Ykkönen
- Season: 2014
- Champions: HIFK
- Promoted: HIFK KTP Ilves
- Relegated: JIPPO FC Viikingit
- Matches: 135
- Goals: 415 (3.07 per match)
- Top goalscorer: Kalle Multanen (30 goals)
- Biggest home win: Ilves 10–0 FC Viikingit (4 October)
- Biggest away win: FC Jazz 0–5 HIFK (3 August)
- Highest scoring: Ilves 10–0 FC Viikingit (4 October)

= 2014 Ykkönen =

The 2014 Ykkönen began on 27 April 2014 and ended on 4 October 2014. The winning team was directly promoted to the 2015 Veikkausliiga.

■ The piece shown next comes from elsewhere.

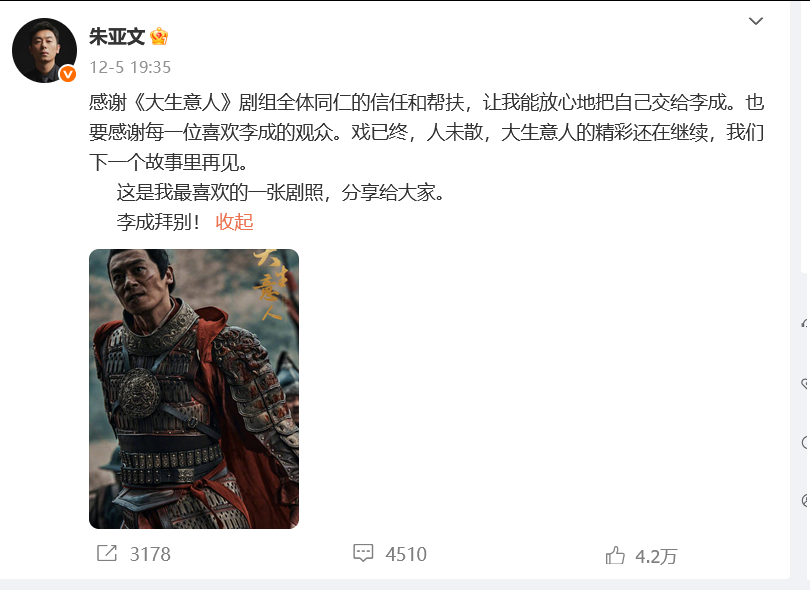 朱亞文告別李成是在角色下線那天,他感謝劇組的信任,也感謝喜歡李成的觀眾。分享了他最喜歡的一張劇照給大家。
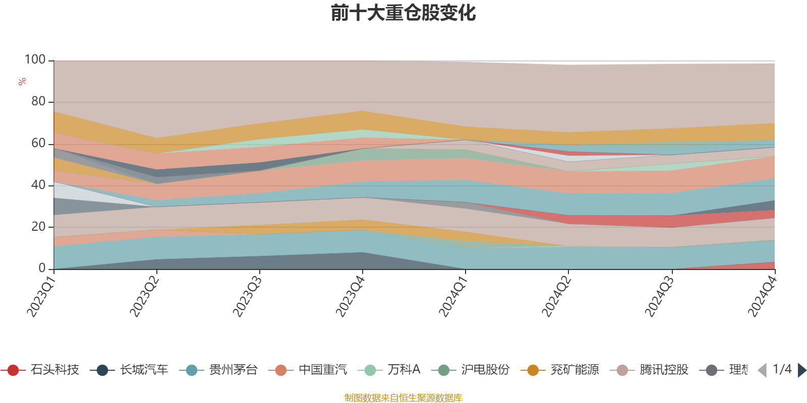 该基金持股集中度较高,近2年前十大重仓股集中度长期超过60%。截至2024年四季度末,基金十大重仓股分别是宁德时代、五粮液、腾讯控股、贵州茅台、紫金矿业、迈瑞医疗、洛阳钼业、亿纬锂能、山西汾酒、石头科技。

The bottom two teams were relegated to Kakkonen.

==Overview==

A total of ten teams will contest in the league, including seven sides from the 2013 season, JJK who was relegated from Veikkausliiga and FC Jazz and HIFK who promoted from Kakkonen after winning the promotion play-offs.

AC Kajaani and OPS were relegated from 2013 Ykkönen. SJK was promoted to the 2014 Veikkausliiga.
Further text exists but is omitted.